Our study utilizes gold working electrodes either bare, coated with chitosan, or with our previously demonstrated redox cycling system (RCS). In the RCS, electrodeposited chitosan serves as a matrix to immobilize electroactive catechol near the electrode via electrografting. Small redox species diffuse through the film for oxidation at the electrode; the nearby catechol enables subsequent reduction of the analyte, establishing a signal-amplifying redox cycle. We execute cyclic voltammetry at 1m—10V/s sweep rates with CLZ, NDMC, or the model redox couple 1,1′-ferrocenedimethanol (FC).
With bare gold, both CLZ and NDMC exhibit similar (R²=0.99) drastic increases in peak separation even at 0.5V/s, indicating slow electron transfer kinetics, in contrast to FC (Nernstian up to 3V/s). With both chitosan and the RCS we find that similarity broken. For diffusion, the coefficients D reveal two regimes in chitosan: dominance of bulk solution below 10mV/s (values match those from bare gold and theory), and diffusion inside the film becoming limiting at higher scan rates. This is reflected in D decreasing by 1.9× for FC, 17× for CLZ, and 31× for NDMC. The sharp difference between FC and the other larger two suggests a size-restriction phenomenon. The consistently 2× lower D for NDMC over the similarly sized CLZ points to possible electrostatic effects. With the RCS, signal amplification translates into apparent D increases – 9× over bare for FC, 5× for CLZ, and 3× for NMDC. Only at high scan rates does D decrease toward the chitosan-only value as true diffusion asserts dominance.

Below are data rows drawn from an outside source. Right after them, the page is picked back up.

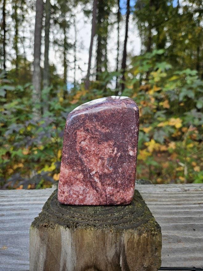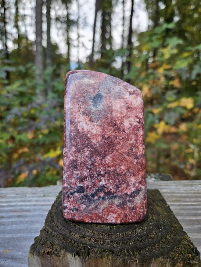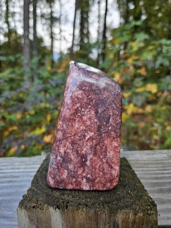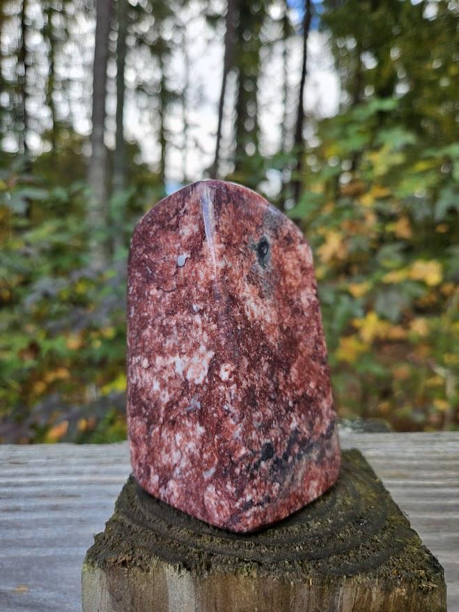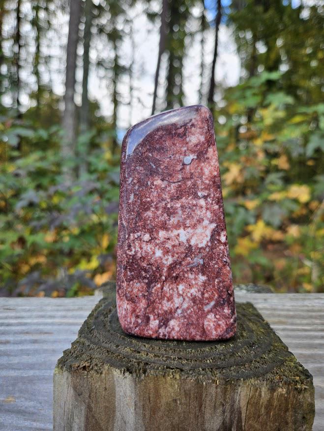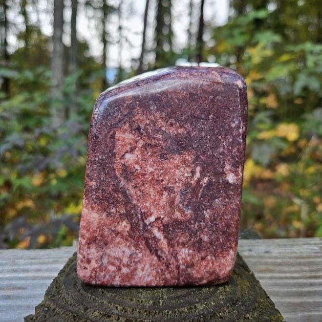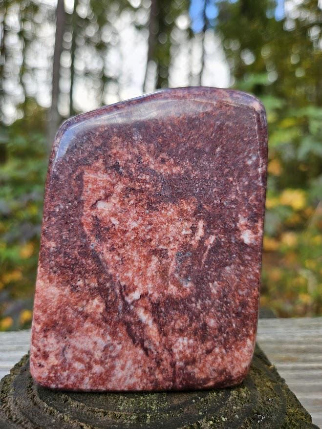 This is a beautifully polished Strawberry Jasper freeform from Afghanistan! It has rich natural color and a smooth surface with lovely earthy patterns. The piece is large, solid, and feels very grounding to hold. It is stunning! I just love this batch – the quality is very nice!
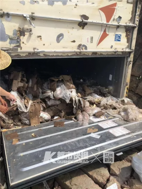 普陀山鎮組織各方力量對發現的集裝箱里存留的肉制品進行緊急處置,將它們用編織袋分裝,用大型封閉式垃圾車裝運到死亡廢棄動物專業處理公司進行集中焚燒。
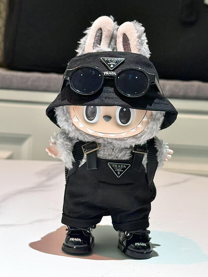 LABUBU Clothes Prad* Chic Black Fisherman Hat& Overalls Outfit
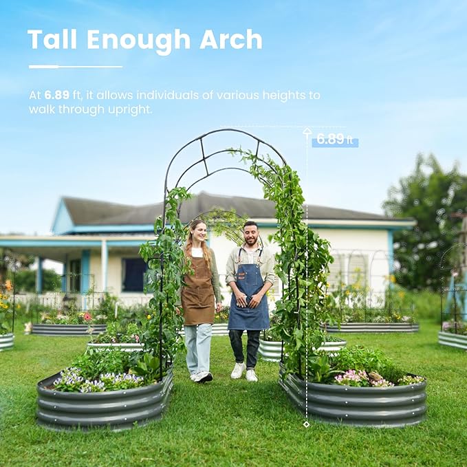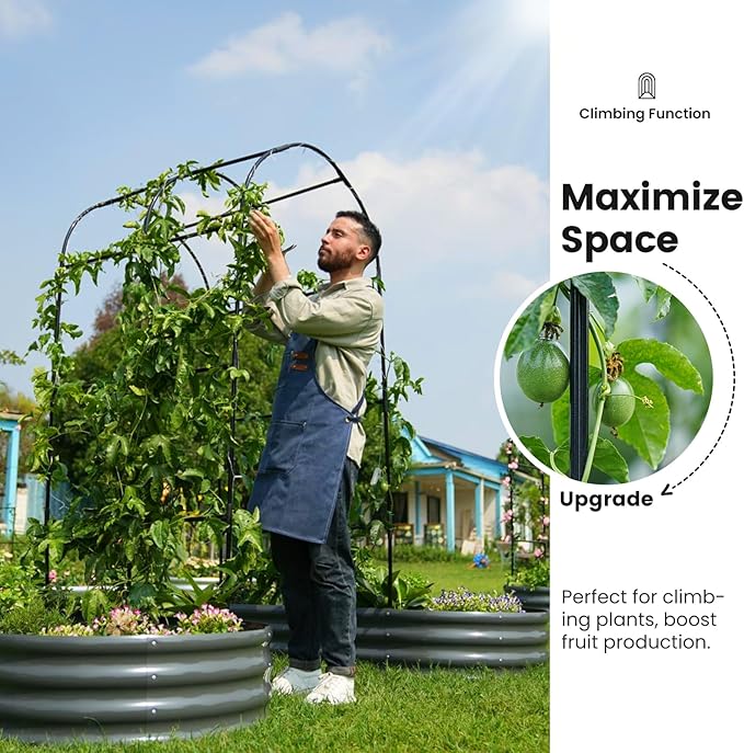 - 【Expanding Planting Space】Raised garden beds equipped with trellises are perfect for climbing plants, vines, and tall crops like cucumbers, tomatoes, and beans. Even in limited spaces, they support plants to reach their ideal heights. This helps you effectively utilize vertical space, allowing vines to thrive and boosting yields.
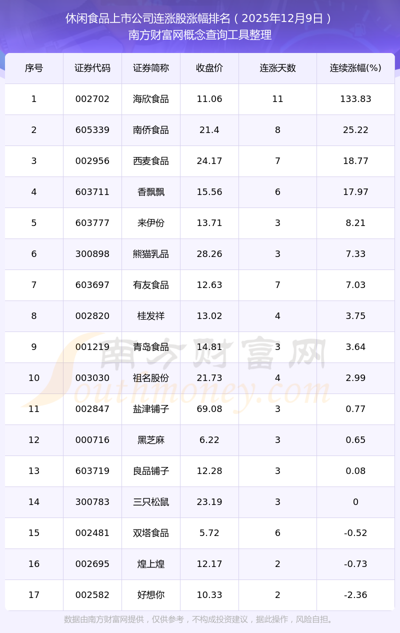 2025年12月9日休閑食品上市公司連漲股漲幅排名
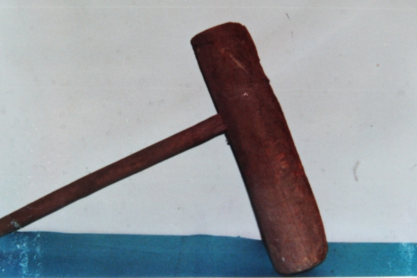 木槌是以一塊粗厚堅硬的木頭做為槌體,中間穿榫一根長木柄。木槌用於打樁、插鉤釘,舉起時不會太重,也不會讓樁頭受損破裂,相對的,木槌的損壞率也比一般工具還高。還有一種短柄木槌則是用來做為樁米使用。

In conclusion, our results demonstrate the intricate interplay between biomaterials, biomolecules, and electrochemistry. They reveal intriguing distinguishing characteristics of CLZ from both the largely analogous NDMC as well as the model FC. This opens up avenues of utilizing diffusion and kinetics information to enhance selectivity in electrochemical sensing.